Я прибыл в расположение, но на меня никто не обращал внимания. Спрашиваю у бойцов: «Кто командир?» Называют фамилию, которую я раньше даже не слышал. Говорят, в те дни командиров очень часто меняли. Подхожу к офицеру, докладываю: вернулся из отпуска, жду распоряжений. «Ты не мой подчиненный», — сказал командир и отправил к другому офицеру, который, в свою очередь, направил к третьему…

Короче говоря, почти неделю я ходил по части как неприкаянный. Никому не был нужен. Потом мне снова стало хуже. Я подошел к офицеру и рассказал, что осколок из меня так и не достали. «Так чего же ты тут бродишь? Отправляйся в госпиталь!» Снова поехал. И снова меня не приняли.

«Завтра поеду в военную прокуратуру признавать свою вину»

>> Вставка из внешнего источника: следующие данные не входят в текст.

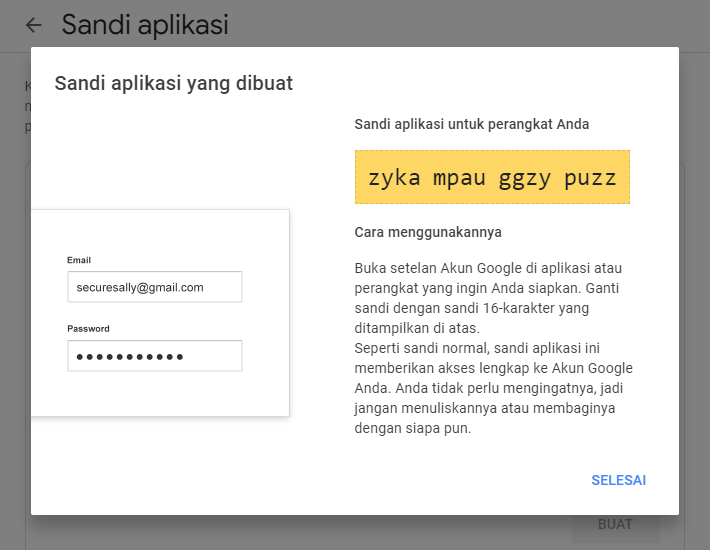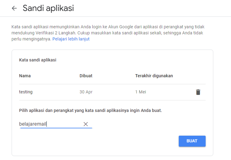 - Muncul Pilihan baru Sandi Aplikasi, Pilih aplikasi, Lainnya, Ketik contoh belajaremail, Klik Buat

Осенью 2014 года Александр Корецкий несколько раз пытался лечь в госпиталь на лечение, но ему по-прежнему отказывали под предлогом отсутствия мест. Тогда он снова возвращался в воинскую часть, где тоже не был никому нужен.

— Я говорил командиру: «Дайте мне хоть какое-то задание!» — продолжает Александр. — Но тот только отмахивался: «Отдыхай, лечись. Чего тебе еще не хватает?» А однажды, когда я в очередной раз прибыл в расположение части, меня отправили домой: «В части тебе делать нечего — ты все равно в самоволке числишься. Отправляйся домой и… готовься к суду. Лет пять получишь».

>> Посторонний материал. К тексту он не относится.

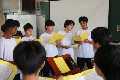 クラスの合唱曲の練習です。パートごとに丁寧で熱心な指導が入り、パートリーダーを中心とした練習にも熱が入っていました。
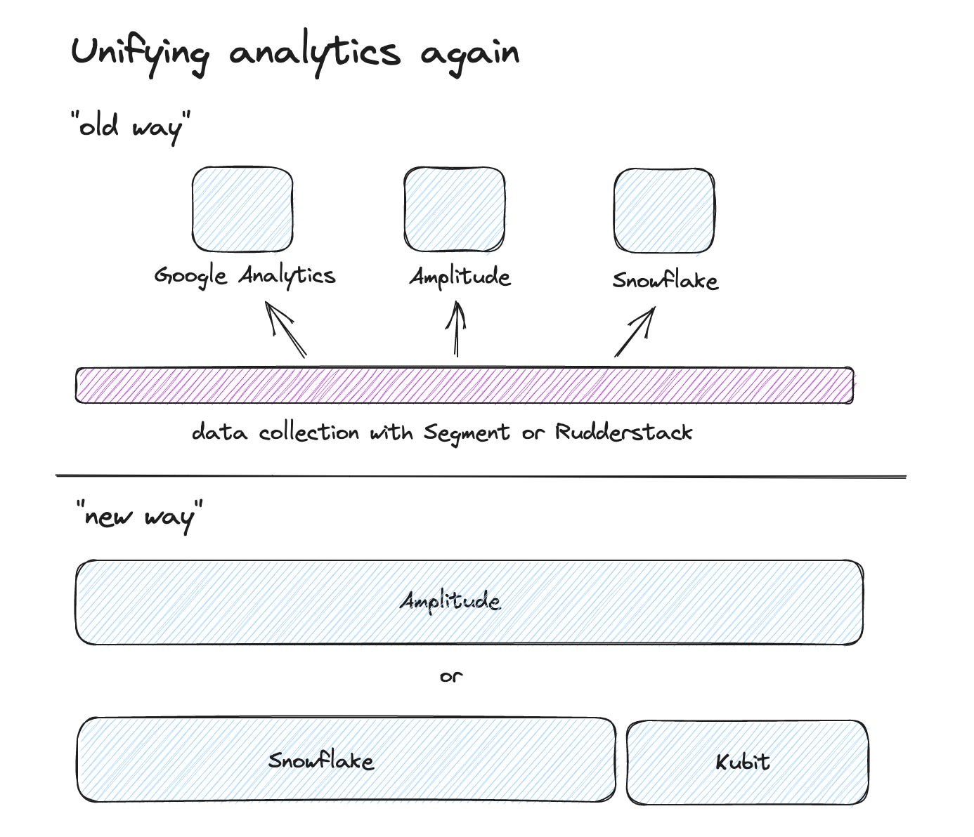 And we may see again a time when it makes more sense to have one analytics product for all teams. For quite some time, I recommended multi-product setups. Just because there were specific marketing needs (like marketing campaign attribution) and special product needs like cohort analysis that you couldn’t get with one product. So we ended up with something like Segment or Rudderstack for event collection and then Google Analytics and Amplitude on top of this data. Not a bad solution but with plenty of trade-offs.

Я был в шоке! Какая самоволка? Я же докладывал руководству о каждом своем шаге. Рассказывал, что меня не принимают в госпиталь, не достают осколок. Но делать было нечего. Отправился домой.

Время от времени у меня начиналась горячка. Я терял сознание. Начал сильно хромать. Однажды к нам в гости забрели охотники (я с родителями живу на хуторе в лесу). Один из гостей спросил меня, почему хромаю. Ну я и рассказал все, как было. А этот охотник оказался демобилизованным офицером. Тут же позвонил кому-то по телефону: «Немедленно принять бойца Корецкого на лечение!»

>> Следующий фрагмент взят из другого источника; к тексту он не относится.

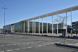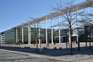 Neue Messe heute: „Die Messestadt Riem ist ein Stadtviertel im Osten Münchens. Die Messestadt Riem, Teil des Stadtbezirks 15 Trudering-Riem, befindet sich komplett auf dem Gelände des 1992 stillgelegten Flughafens München-Riem und beherbergt heute neben einem Wohnviertel für 16.000 Menschen zahlreiche Bürogebäude sowie die Neue Messe München und das Einkaufszentrum Riem Arcaden.“ (Aus Wikipedia, abgerufen 13.3.2021) Auf 556 Hektar des ehemalige Riemer Flughafens wurde die Messestadt Riem für 16.000 Einwohner und das neue Messegelände geplant.1

На следующий день в Луцком военном госпитале меня положили в палату и начали готовить к операции. Но эта операция оказалась какой-то полулегальной. Врач, собиравшийся меня оперировать, даже на рентген не отправил. Вколол лекарство и начал резать по живому. Наркоз прошел как-то очень быстро. Он режет — я ору. Тогда врач сказал, что операцию прекращает. Мол, у него что-то не выходит. Наскоро зашил и отправил в палату. А через пару дней меня выписали, так, по сути, и не оказав помощи.

Хожу с осколком по сей день. Никто не хочет оперировать.

— А что с самоволкой? Из военной прокуратуры вам позвонили?

— Я уже было думал, что они не вспомнят обо мне. Слышал, что одного за другим бойцов из моей бригады вызывают на допросы. И каждого обвиняют в самовольном оставлении части. Но я-то не уходил в самоволку. Надеялся, в части поняли, что ошиблись, и потому не тревожат меня. Я уже успел демобилизоваться и даже получил статус участника боевых действий… Причем, когда собирал документы для получения статуса «участника», ни у кого не возникало никаких вопросов. И вдруг осенью прошлого года раздался телефонный звонок. Меня вызвали на допрос в военную прокуратуру.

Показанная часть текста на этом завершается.